----- SOURCE MATERIAL -----
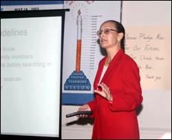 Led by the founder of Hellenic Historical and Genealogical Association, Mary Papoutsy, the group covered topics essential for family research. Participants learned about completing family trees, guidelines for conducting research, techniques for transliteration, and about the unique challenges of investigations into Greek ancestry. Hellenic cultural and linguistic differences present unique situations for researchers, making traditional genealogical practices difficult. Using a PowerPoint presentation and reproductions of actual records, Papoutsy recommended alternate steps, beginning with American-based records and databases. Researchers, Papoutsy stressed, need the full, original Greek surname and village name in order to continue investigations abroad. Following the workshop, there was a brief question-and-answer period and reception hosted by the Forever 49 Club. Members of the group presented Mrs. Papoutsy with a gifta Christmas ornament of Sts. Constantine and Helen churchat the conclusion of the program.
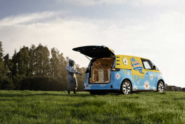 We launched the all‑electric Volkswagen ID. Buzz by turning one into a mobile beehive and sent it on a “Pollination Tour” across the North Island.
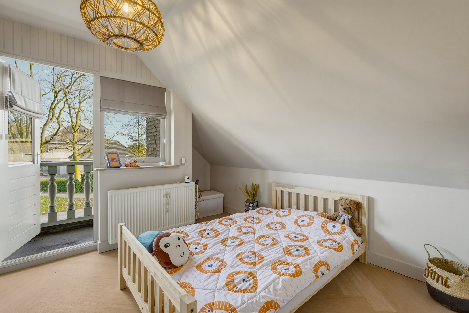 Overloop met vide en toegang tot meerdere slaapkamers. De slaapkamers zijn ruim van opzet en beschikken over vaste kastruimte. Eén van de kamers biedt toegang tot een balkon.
-----
----- SOURCE MATERIAL -----
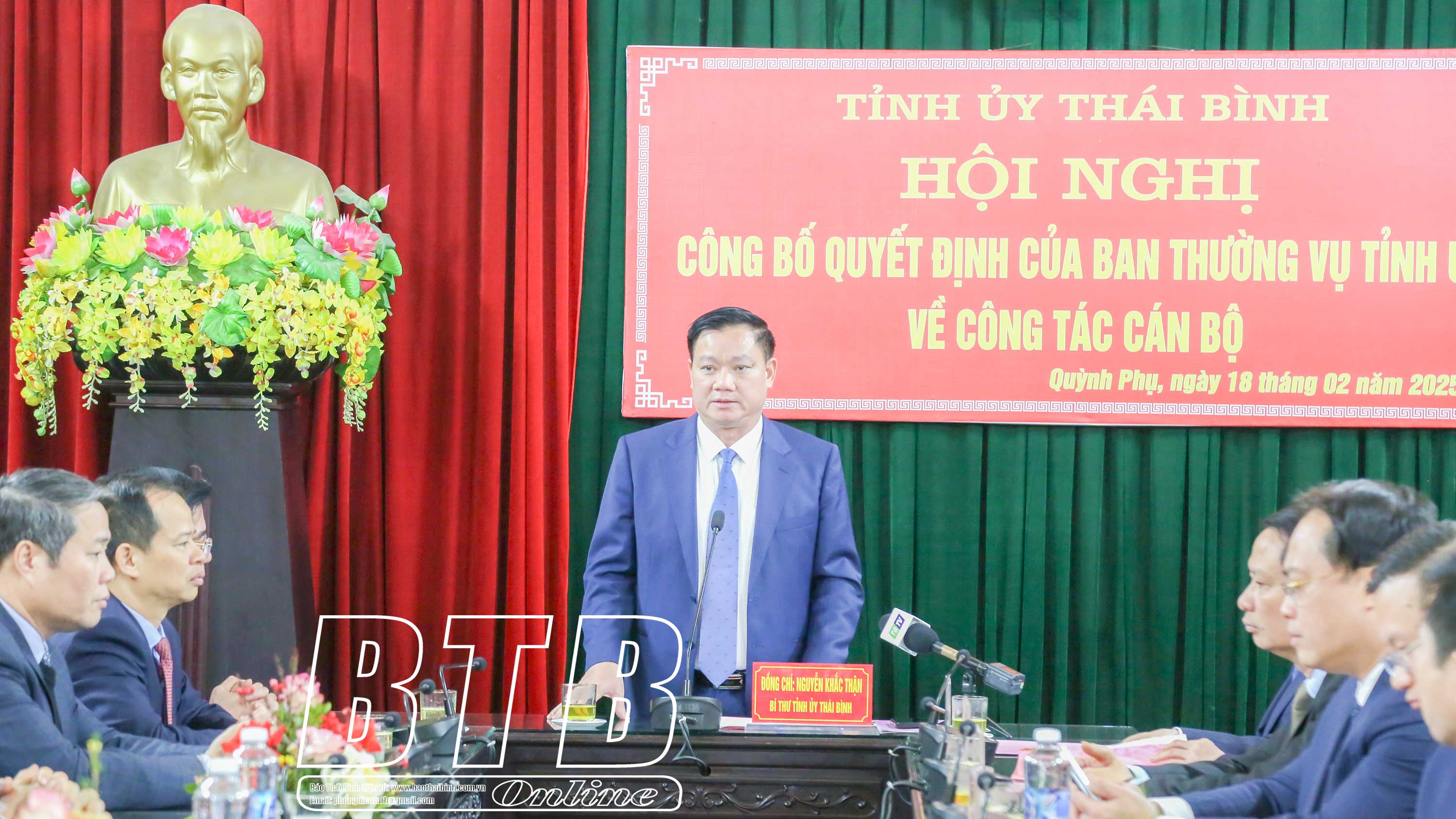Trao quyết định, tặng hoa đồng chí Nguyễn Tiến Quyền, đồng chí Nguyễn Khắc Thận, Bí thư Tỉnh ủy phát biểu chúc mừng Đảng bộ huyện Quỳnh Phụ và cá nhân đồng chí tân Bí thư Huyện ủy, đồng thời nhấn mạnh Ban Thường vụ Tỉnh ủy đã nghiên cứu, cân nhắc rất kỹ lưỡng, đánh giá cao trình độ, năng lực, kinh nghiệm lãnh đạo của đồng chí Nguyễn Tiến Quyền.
-----
What is wanted is an exact copy of the lines above from the one containing "Led by the founder" through the one containing "Overloop met vide", with no pictures in it.

- _EXERCISE OUTPUT_:
 Led by the founder of Hellenic Historical and Genealogical Association, Mary Papoutsy, the group covered topics essential for family research. Participants learned about completing family trees, guidelines for conducting research, techniques for transliteration, and about the unique challenges of investigations into Greek ancestry. Hellenic cultural and linguistic differences present unique situations for researchers, making traditional genealogical practices difficult. Using a PowerPoint presentation and reproductions of actual records, Papoutsy recommended alternate steps, beginning with American-based records and databases. Researchers, Papoutsy stressed, need the full, original Greek surname and village name in order to continue investigations abroad. Following the workshop, there was a brief question-and-answer period and reception hosted by the Forever 49 Club. Members of the group presented Mrs. Papoutsy with a gifta Christmas ornament of Sts. Constantine and Helen churchat the conclusion of the program.
 We launched the all‑electric Volkswagen ID. Buzz by turning one into a mobile beehive and sent it on a “Pollination Tour” across the North Island.
 Overloop met vide en toegang tot meerdere slaapkamers. De slaapkamers zijn ruim van opzet en beschikken over vaste kastruimte. Eén van de kamers biedt toegang tot een balkon.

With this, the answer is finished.